Sakasa Kebari: Not the No.1 Tenkara Fly?
8 CommentsThursday, 11 August 2016 | JP
Sakasa Kebari are Awesome - but NOT the only game in town
No one can argue that the long soft hackled sakasa kebari style - with their "backwards" hackle has become the icon of tenkara flies in the west. These flies are so different from what we recognise as a conventional western fly that it’s no wonder they captured the imagination of fledgling tenkara anglers exploring this new and exotic fishing experience.
Before we go any further I’d just like to get one thing straight... what follows here is in no way an attempt to spoil anyone’s fun or to tell you how you should be fishing or tying your tenkara flies. The purpose of this post is to share some interesting facts about the flies of tenkara and hopefully get people exploring the rich tapestry of patterns that can be found in Japan. In fact, one of the most surprising things about some of the flies in "the other 75%" of patterns used in Japan is the STIFF hackled WET fly. In many ways, that is even more weird than a sakasa hackle.
Early experiments with Japanese tenkara flies
Like many people new to tenkara both me and Paul spent our early days exploring reverse hackle patterns both in traditional Japanese patterns such as the Takayama style (or the less well known Okumikawa style) and initially with a few adapted western patterns too. In those early days of tenkara’s spread outside Japan source information in English was difficult to find and Yoshikazu Fujioka’s website "My Best Streams" was (and still is) a great source of information for anyone interested in traditional regional tenkara patterns.
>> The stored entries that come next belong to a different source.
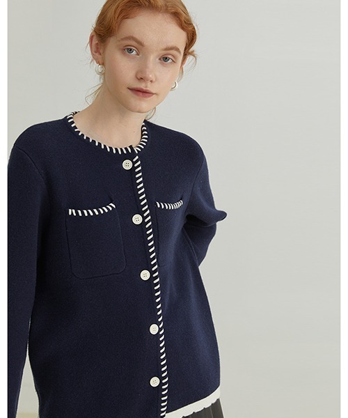 参考商品名:【Fano Studios】White stitch knit cardigan FQ21S110
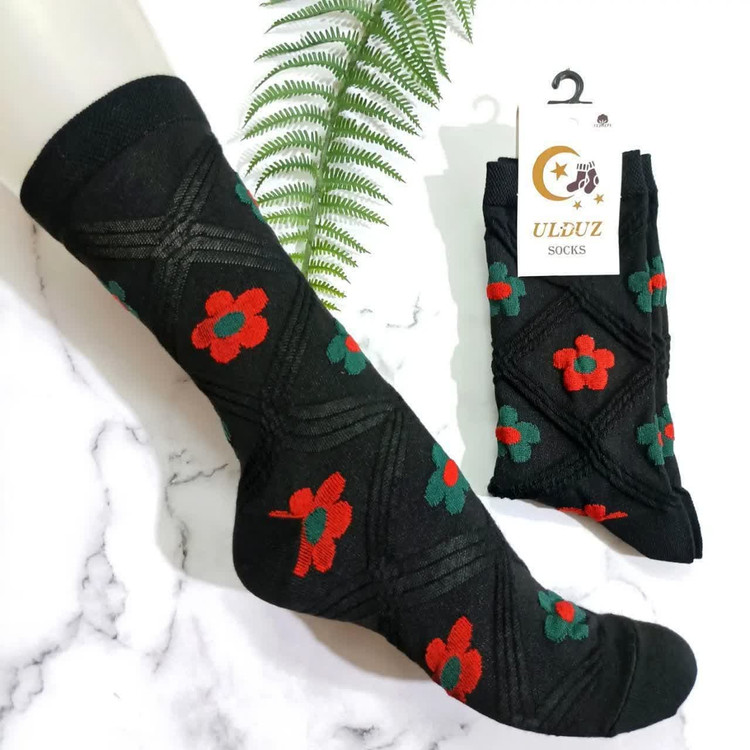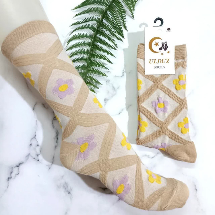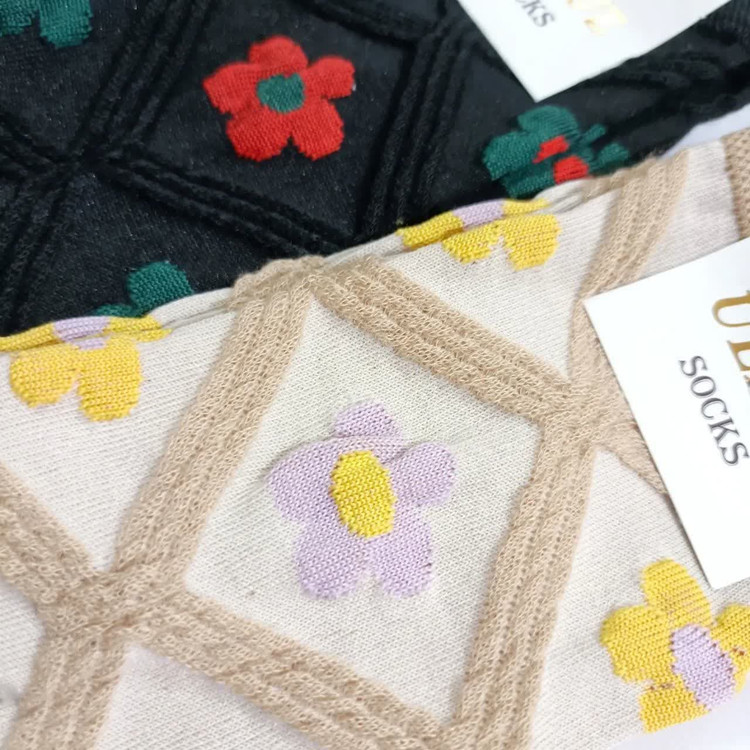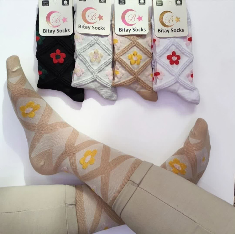 جوراب ساق بلند طرح گل و لوزی برجسته
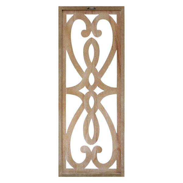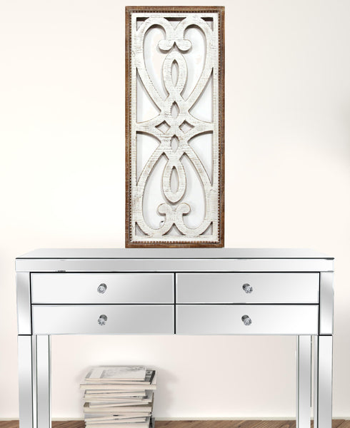 Displaying this scroll decor piece livens up a dull spot on your wall. It shows off an elegant design, inspired by hearts and flowers. The whole piece is bordered by a wooden frame, which flaunts a distressed white finish that will leave you awestruck.
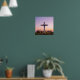 Minimalist white cross adorned with lavender sprigs and a gradient sunrise backdrop.
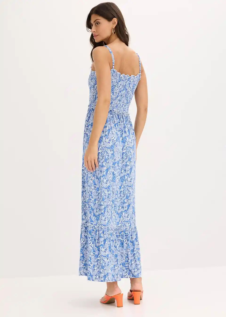 Obleka z naramnicami z gostim naborkom

In 2014 we decided to visit the mountain streams of Japan to begin our own research into the attitudes of tenkara anglers to their flies for our (now discontinued) Vol.2 DVD. What we discovered has drawn us back to Japan every year since and has become the subject matter for 2 DVDs and our very first Print Book (Click the following link for full details of the book "How to Fool Fish With Simple Flies: The Secret Science Behind Japanese Kebari and Euro Nymph Patterns").
In all of our research and in interviewing some of the best tenkara practitioners in Japan we started to realize that the iconic fly of tenkara, the “sakasa kebari”, was not the no.1 fly choice of for a great number of tenkara anglers. This is not to say that the sakasa style has no place... quite the opposite in fact; almost everyone we interviewed had some sakasa kebari patterns in their fly box but they are normally reserved for specific scenarios INSTEAD of being the go-to pattern for all round fishing duties.
So, what is the No.1 Tenkara Fly? Enter the Futsuu Kebari
The most frequent kebari style we’ve observed in our studies use stiff rooster hackles which look very much like western dry fly hackles (BUT are actually wet flies). The examples below are just a few of the go-to patterns shared with us by anglers in Japan.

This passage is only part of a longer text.